Falcon Virtual Academy is anything but your average school. Though the Academy now enrolls 403 students, you will almost never see all of them in the building at once. Falcon Virtual Academy is just what the name implies: school in a (nearly) virtual setting.
As of yesterday, the Academy is operating out of its new location at 613 Constitution Ave. Though this will be the second full school year for the Academy, this will be the first school term in the newly opened facility. Located in a former (remodeled and refurbished) light warehouse, the building features more open space than one might see in a normal, public school.
“The whole budget [for the new building] was about three million dollars, where as a traditional school costs 50 to 100 million,” says Stephanie Wurtz Meredith, public information officer for Falcon School District 49.

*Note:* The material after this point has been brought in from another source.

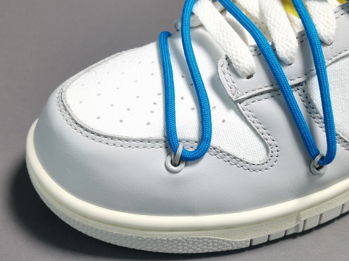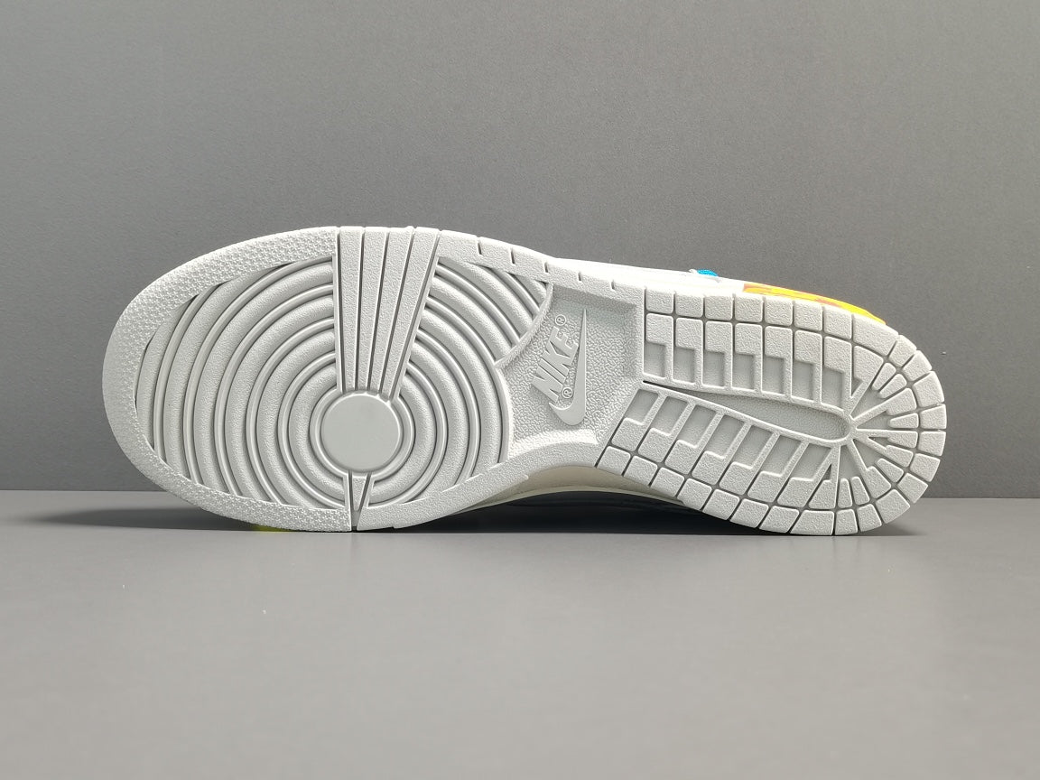 The Nike Dunk x Off-White Lot 10 sneakers feature a distinct blend of materials, textures, and colors, creating a visually striking and unconventional aesthetic. With Off-White's characteristic deconstructed design elements, including exposed foam, stitching details, and text overlays, these sneakers push the boundaries of sneaker design and streetwear fashion.

But don’t think the drop in budget will equate to a skimp on the quality of education. It’s an entirely different way to approach the concept of “school.” Students (K-12) can choose to be either full-time, part-time, or blended: either entirely taking online courses from home, completing some from home and some at the Academy, or taking all of their classes at the Academy.

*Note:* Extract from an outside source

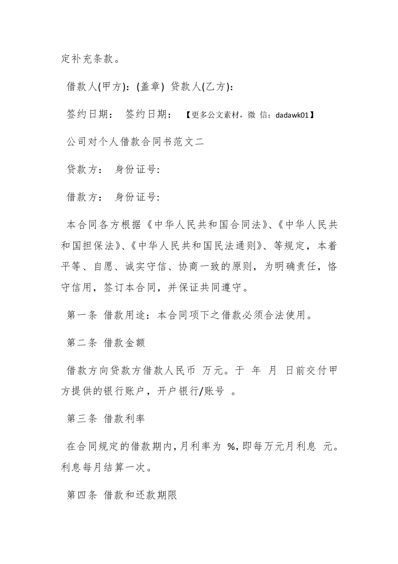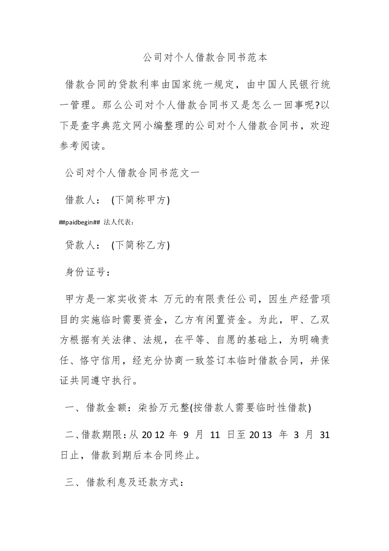 公司对个人借款合同书范本借款合同的贷款利率由国家统一规定,由中国人民银行统一管理。那么公司对个人借款合同书又是怎么一回事呢?以下是查字典范文网小编整理的公司对个人借款合同书,欢迎参考阅读。公司对个人借款合同书范文一借款人:(下简称甲方)排paidbegin#法人代表:贷款人:(下简称乙方)身份证号:甲方是一家实收资本万元的有限责任公司,因生产经营项目的实施临时需要资金,乙方有闲置资金。为此,甲、乙双方根据有关法律、法规,在平等、自愿的基础上,为明确责任、恪守信用,经充分协商一致签订本临时借款合同,并保证共同遵守执行。一、借款金额:柒拾万元整(按借款人需要临时性借款)二、借款期限:从2012年9月11日至2013年3月31日止,借款到期后本合同终止。三、借款利息及还款方式:

“It depends on what the student wants and needs,” says Meredith. The Academy really benefits students who want a change of pace from normal schools: Whether because the pace of typical classrooms is too fast or too slow, or because the student is having a hard time adjusting socially.
How would a class at Falcon Virtual Academy look, one might ask? Students sit at computer pods, participating in online courses, while a teacher is in the classroom to answer any questions they have. Say goodbye to standard lecture classrooms, and hello to video conferencing. Mixed with this more avant-garde approach are more labs and field trips: offering a more hands-on experience than most schools.

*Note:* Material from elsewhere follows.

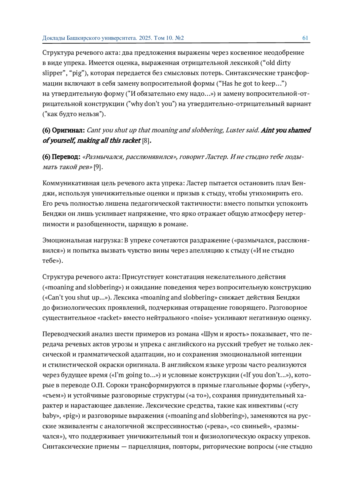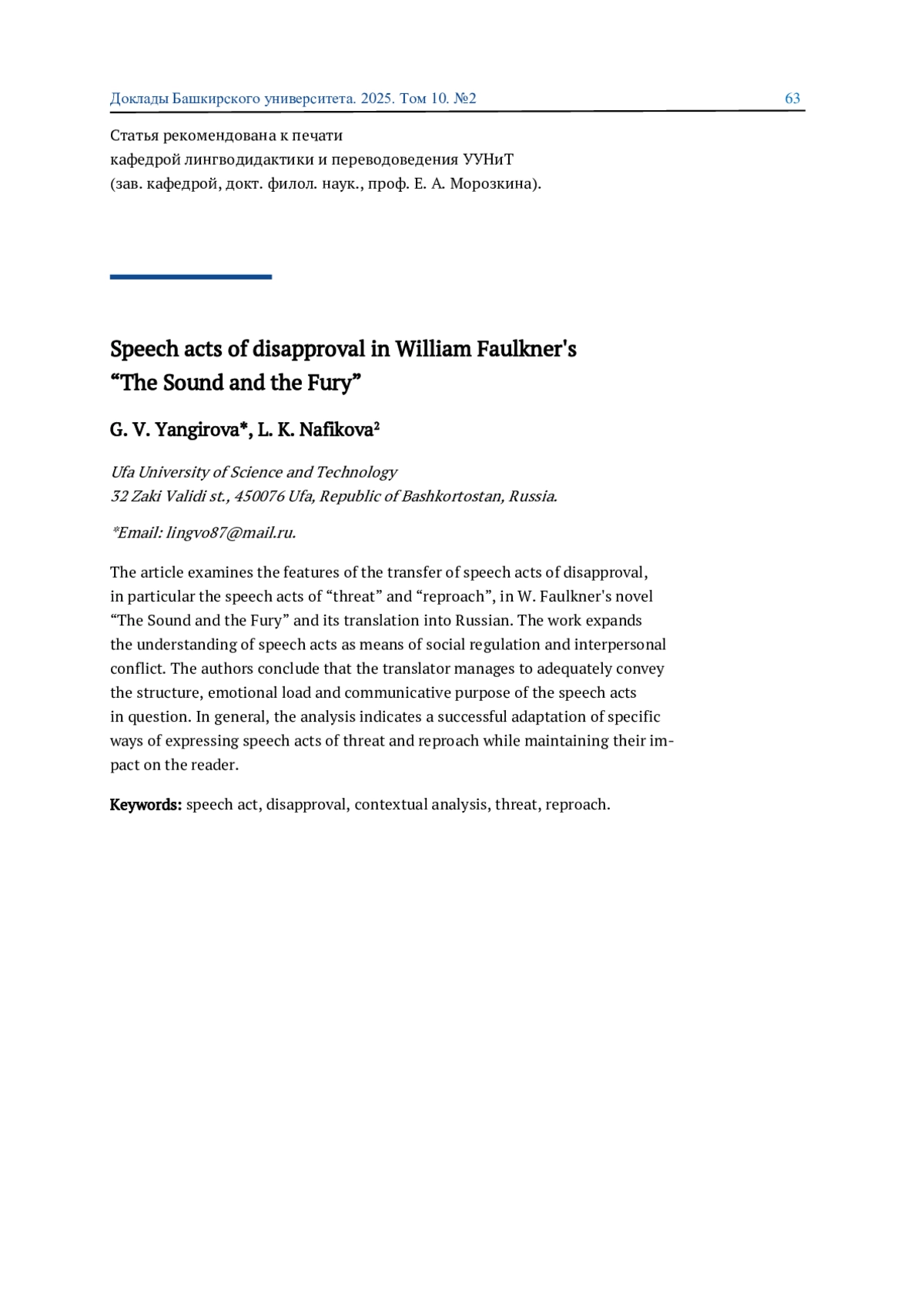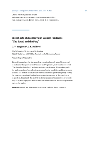 Статья исследует особенности передачи речевых актов неодобрения, в частности речевых актов «угроза» и «упрек», в романе У. Фолкнера «Шум и ярость» и его переводе на русский язык. Работа расширяет понимание речевых актов как средств социального регулирования и межличностного конфликта. Авторы приходят к выводу, что переводчику удается адекватно передать структуру, эмоциональную нагрузку и коммуникативную цель рассматриваемых речевых актов. В целом анализ свидетельствует об успешной адаптации специфических способов выражения речевых актов угрозы и упрека с сохранением их воздействия на читателя.

It’s an unusual approach, but an intriguing one, at that. “We’re really setting a model for how to do the blended classroom,” says Meredith. “People have to be willing to take a little bit of a risk.”
With this background in mind, the Falcon School District 49 Board of Education will be holding its regular meeting at the new building at 6:30 tonight. On the agenda will be discussion about new technologies, and goals for the POWER Innovation Zone (increased support and advancement in 21st century learning) and, of course, an opportunity to see the new building.